*Try it:*
Every record should be written out exactly, with the pictures left out.

Dataset items
-- Opening Marker --

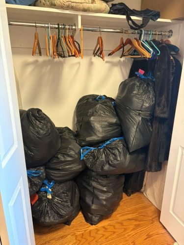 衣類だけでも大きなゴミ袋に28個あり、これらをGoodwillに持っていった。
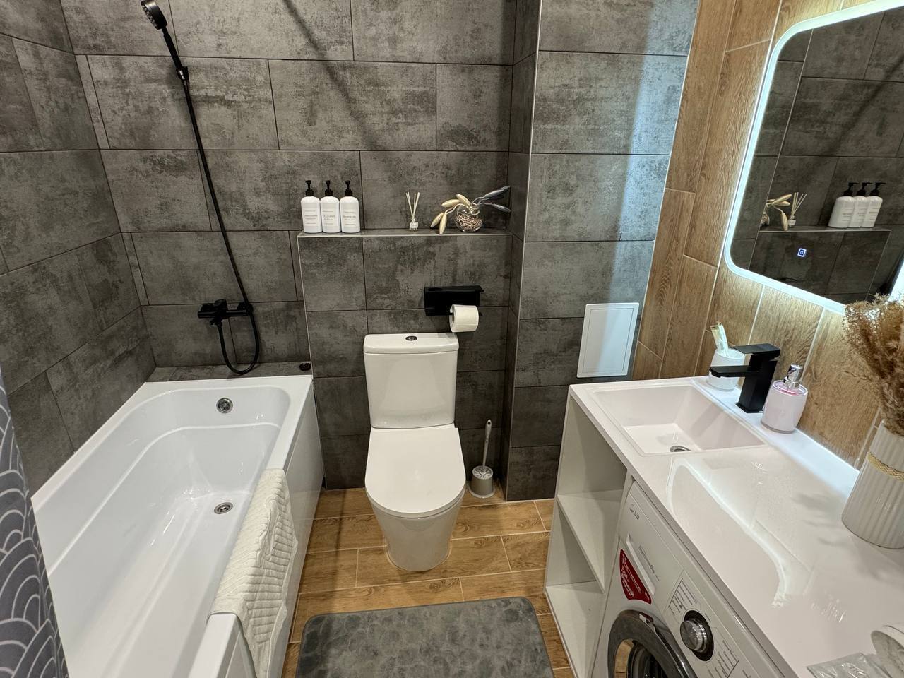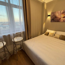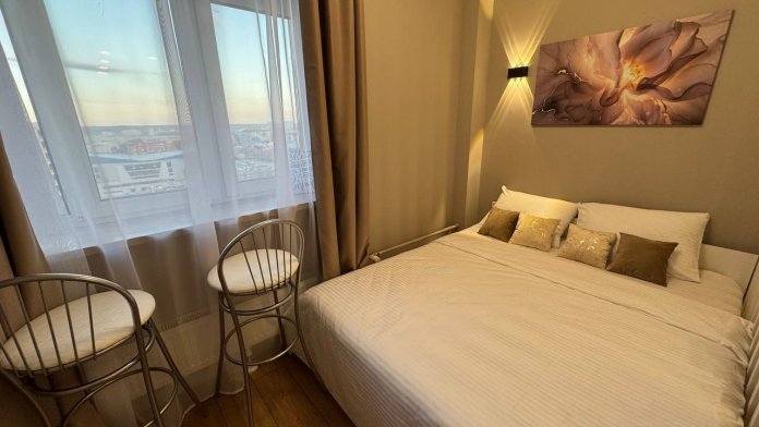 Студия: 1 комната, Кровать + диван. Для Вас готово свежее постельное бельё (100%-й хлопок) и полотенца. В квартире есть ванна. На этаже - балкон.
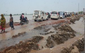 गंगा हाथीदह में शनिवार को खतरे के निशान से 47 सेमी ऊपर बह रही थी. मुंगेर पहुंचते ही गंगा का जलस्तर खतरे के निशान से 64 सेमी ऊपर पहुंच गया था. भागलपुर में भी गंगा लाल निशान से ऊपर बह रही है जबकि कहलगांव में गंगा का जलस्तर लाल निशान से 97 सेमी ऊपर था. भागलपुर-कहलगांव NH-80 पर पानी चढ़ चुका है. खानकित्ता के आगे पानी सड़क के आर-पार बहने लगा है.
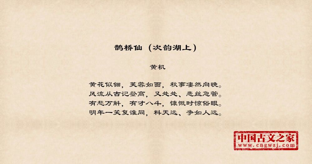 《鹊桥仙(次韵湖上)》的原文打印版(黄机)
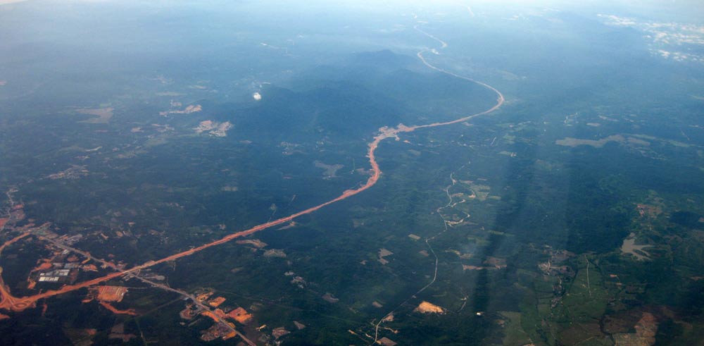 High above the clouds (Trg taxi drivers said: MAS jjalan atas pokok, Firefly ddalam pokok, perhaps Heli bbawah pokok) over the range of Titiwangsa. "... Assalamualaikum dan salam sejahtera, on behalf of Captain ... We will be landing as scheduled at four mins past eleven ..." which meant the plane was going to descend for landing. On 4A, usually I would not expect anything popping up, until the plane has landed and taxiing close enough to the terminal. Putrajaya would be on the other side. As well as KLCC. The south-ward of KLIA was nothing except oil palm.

-- Closing Marker --

*Task solution:*
 衣類だけでも大きなゴミ袋に28個あり、これらをGoodwillに持っていった。
 Студия: 1 комната, Кровать + диван. Для Вас готово свежее постельное бельё (100%-й хлопок) и полотенца. В квартире есть ванна. На этаже - балкон.
 गंगा हाथीदह में शनिवार को खतरे के निशान से 47 सेमी ऊपर बह रही थी. मुंगेर पहुंचते ही गंगा का जलस्तर खतरे के निशान से 64 सेमी ऊपर पहुंच गया था. भागलपुर में भी गंगा लाल निशान से ऊपर बह रही है जबकि कहलगांव में गंगा का जलस्तर लाल निशान से 97 सेमी ऊपर था. भागलपुर-कहलगांव NH-80 पर पानी चढ़ चुका है. खानकित्ता के आगे पानी सड़क के आर-पार बहने लगा है.
 《鹊桥仙(次韵湖上)》的原文打印版(黄机)
 High above the clouds (Trg taxi drivers said: MAS jjalan atas pokok, Firefly ddalam pokok, perhaps Heli bbawah pokok) over the range of Titiwangsa. "... Assalamualaikum dan salam sejahtera, on behalf of Captain ... We will be landing as scheduled at four mins past eleven ..." which meant the plane was going to descend for landing. On 4A, usually I would not expect anything popping up, until the plane has landed and taxiing close enough to the terminal. Putrajaya would be on the other side. As well as KLCC. The south-ward of KLIA was nothing except oil palm.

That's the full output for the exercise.